BRIEF DESCRIPTION OF DRAWINGS

[0039] FIGs. 1 and 2 are schematics depicting a training flow for a model used in the methodology of the present disclosure, at least according to one embodiment.

[0040] FIGs. 3 and 4 are schematics depicting an operational flow for the method of the present disclosure, at least according to one embodiment.

DETAILED DESCRIPTION

[0041] For the purposes of promoting an understanding of the principles in the present disclosure, reference will now be made to the embodiments illustrated in the drawings, and specific language will be used to describe the same. It will nevertheless be understood that no limitation of the scope of this disclosure is thereby intended.

[0042] In the present disclosure, the term “about” can allow for a degree of variability in a value or range, for example, within 10%, within 5%, or within 1% of a stated value or of a stated limit of a range.

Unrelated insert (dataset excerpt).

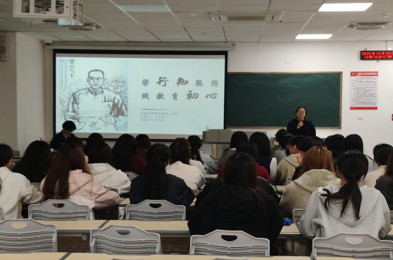 为深化思政专业学生对教育理念的认知,筑牢未来育人初心,2025年10月28日,2025级思政1-5班全体班委在16教306室,共同参与“学行知思想,践教育初心”主题班会,本次班会由辅导员马文茜老师主持。

[0043] In the present disclosure, the term “substantially” can allow for a degree of variability in a value or range, for example, within 90%, within 95%, or within 99% of a stated value or of a stated limit of a range.

[0044] In the present disclosure, “desirable information” or “desirable data” may refer to a set of experimental objectives and/or measurable values that may relate to data obtainable by MSI technologies. These objectives and/or values are not limited to their intrinsic worth, nor of a single experiment or sample, but extends to values and/or objectives that may be derived, estimated, or correlated with such.

[0045] In the present disclosure, limitations, approximations, and methods are described for currently realizable implementation(s) of dynamic sampling for MSI technologies. This is intended to demonstrate practical considerations for the employment of the described invention and an example of how it may be applied in actuality. It should be understood that no limitation of the scope of this disclosure is thereby intended.

[0046] A novel approach is described herein to improve throughput of MSI technologies, based on dynamic sampling. During MSI experiments, large quantities of molecular data across a spatial domain are actively being measured and reserved (most commonly stored inside of digital media) for later analyses. While incomplete, this partially known information can be processed (most commonly on/with a computational system) to 1) produce reconstructions for information not acquired, 2) indicate as-of-yet unmeasured locations that probabilistically correlate with desirable information, 3) rank/weight mass-per-charge (m/z) channels according to how probabilistically they correlate with desirable information, and 4) stop an acquisition process when a sufficient quantity of information has been acquired.

[0047] The present disclosure is directed to an example implementation, hereafter referred to as a Deep Learning Approach for Dynamic Sparse Sampling (DLADS) algorithm (itself not limited to integration with MSI), which improves throughput of MSI technologies using dynamic sampling.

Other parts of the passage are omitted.